I'm revamping my company's service accounts, and we've discovered that some need to be able to log on locally, and some are OK with just logging in as a service. I've created two groups, SvcAcct_Restricted and SvcAcct_Full. "Restricted" is setup via GPO to be denied any form of interactive login. The "Full" group is a placeholder for now, but some stuff might get added to it later. I want each service account to be in ONE of the two groups. If a service account gets that needs full access gets added to the restricted group, services fail, phones ring, bosses blow things out of proportion, meetings meetings meetings, etc.

What I'd like to do is prevent any user account from being added to the "Restricted" group if it is already a member of "Full" and vice versa. I popped into advanced security settings, but didn't see anything that looked like "deny membership" and my Google-fu is weak today.
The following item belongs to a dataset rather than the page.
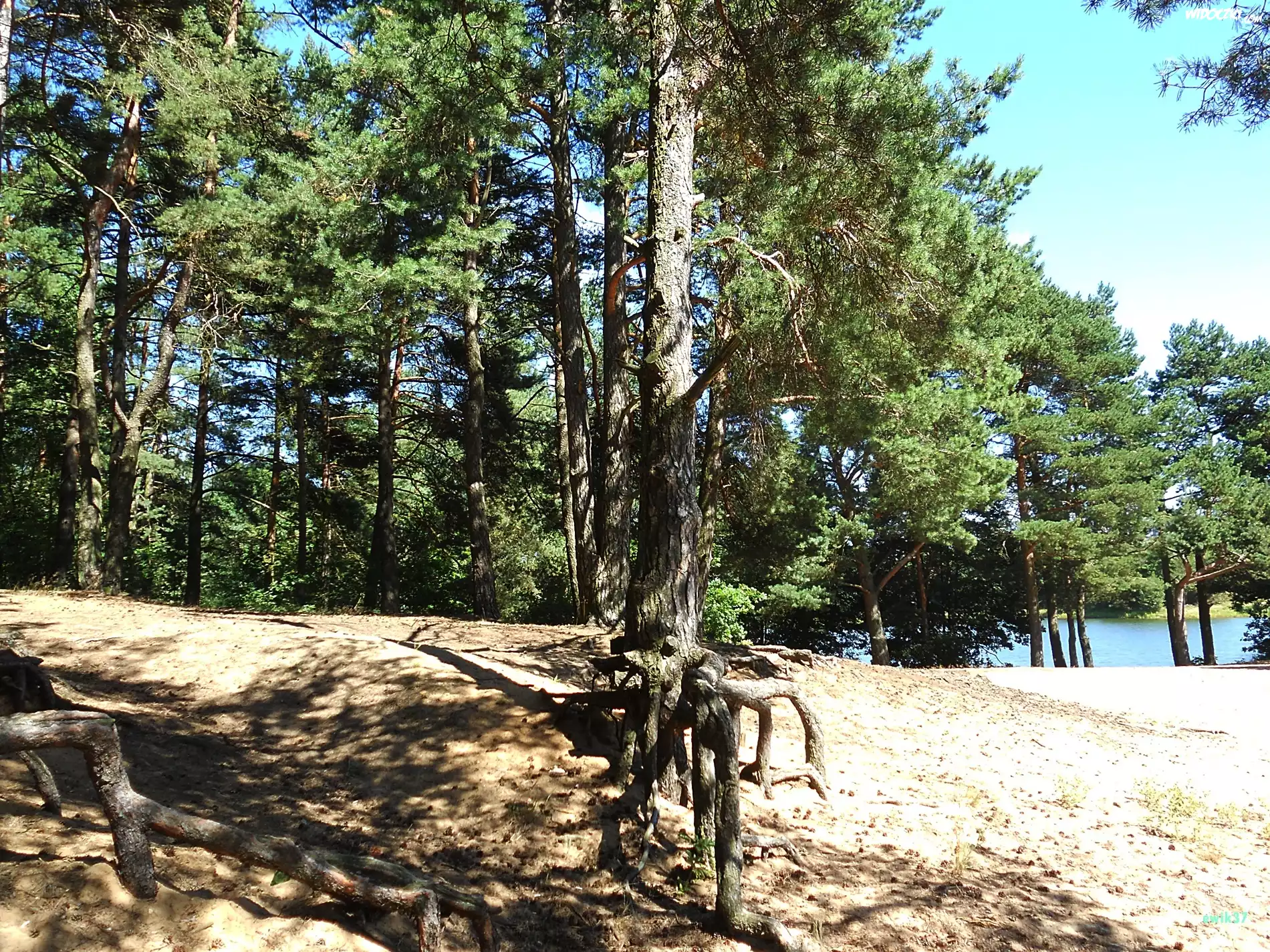 Zdjęcia, Jezioro, Las, Drzewa, Korzenie

AD schema is at Windows 2008R2.

Any help is greatly appreciated!

  • Are you talking ~10 service accounts or ~10,000 .... I've never run across a feature like this.. so you are probably looking at a custom script for enforcement... – Daniel Widrick Jun 30 '15 at 17:08
  • I'm skeptical this is possible. Your best bet might be to build a powershell one-liner or script that checks group membership and flags or changes membership to make sure it's exclusive. – Todd Wilcox Jun 30 '15 at 17:17

There isn't built-in functionality in the product to do what you're looking for.

Security groups don't have an ACL mechanism to control which members are added, only who can modify the membership. What you've got is an interesting conundrum. In the filesystem world Dynamic Access Control (DAC) could solve the problem you've got handily, but DAC-like boolean group membership functionality doesn't apply to privileges.

Your best bet is going to be to script something, unfortunately. You likely could write a script that receives change notifications to make its operation near-realtime, versus running on a set schedule.

There are bolt-on AD management systems that can do what you're looking for. They work by restricting group membership changes to only the AD management system's security context, forcing you to use the management system itself to perform group membership changes.

You could mock something like that up yourself for this one group, too. You could limit membership changes on your "Restricted" group to a specific security context, then run a script in that context that makes the membership changes.

Is there a good chance, knocking something together yourself like this that you could create vulnerabilities? Yes-- absolutely! Be careful, if you opt to do something like this.